What is the pH of a solution with a hydronium ion concentration of 3.5 x 10-4 M? The pOH?

10^-4M

pH + pOH = 14

pH is the negative log of the hydronium ion concentration

pH = -[log(3.5E-4)]

To find the pH and pOH of a solution, you can use the equation:

pH + pOH = 14

Given the hydronium ion concentration of 3.5 x 10^(-4) M, we first need to find the pH using the equation:

pH = -log[H3O+]

pH = -log(3.5 x 10^(-4))

Using a scientific calculator, you can calculate the pH to be approximately 3.46.

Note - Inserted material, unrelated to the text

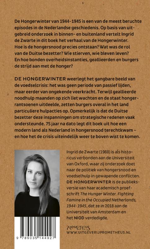 De Hongerwinter van 1944-1945 is een van de meest beruchte episodes in de Nederlandse geschiedenis. Op basis van uitgebreid onderzoek in binnen- en buitenland vertelt Ingrid de Zwarte in dit boek het verhaal van de Hongerwinter. Hoe is de hongersnood precies ontstaan? Wat was de rol van de Duitse bezetter? Wie stierven, wie bleven leven? En hoe bonden overheidsinstanties, geallieerden en burgers de strijd aan met de honger?

Now, to find the pOH, you subtract the pH from 14:

pOH = 14 - pH

pOH = 14 - 3.46

Calculating this, the pOH is approximately 10.54.

To determine the pH and pOH of a solution, you need to understand the relationship between pH, pOH, and the concentration of hydronium ions ([H3O+]) in a solution.

1. pH: The pH of a solution is a measure of its acidity and is defined as the negative logarithm (base 10) of the hydronium ion concentration. The formula to calculate pH is: pH = -log [H3O+].

2. pOH: The pOH of a solution is a measure of its basicity and is defined as the negative logarithm (base 10) of the hydroxide ion concentration ([OH-]). However, the concentration of hydroxide ions in pure water (neutral solution) is very low and can be neglected. Hence, for most common solutions, you can calculate the pOH using the equation: pOH = -log [OH-] ≈ -log [H3O+].

Now, let's use the given hydronium ion concentration ([H3O+]) of 3.5 x 10^-4 M to find the pH and pOH:

pH = -log [H3O+]
pH = -log (3.5 x 10^-4)
pH ≈ -log (3.5) - log (10^-4)
pH ≈ -log (3.5) + 4
Using a scientific calculator, you can calculate -log (3.5) to be approximately 0.455.
pH ≈ 0.455 + 4
pH ≈ 4.455

Thus, the pH of the solution is approximately 4.455.

Since the equation pOH = -log [OH-] ≈ -log [H3O+] can be used for most common solutions, the pOH would also be approximately 4.455 in this case.

Note that pH and pOH are related and that the sum of pH and pOH is always equal to 14 in a neutral solution. However, this equation is not necessary to find the pH and pOH for this question.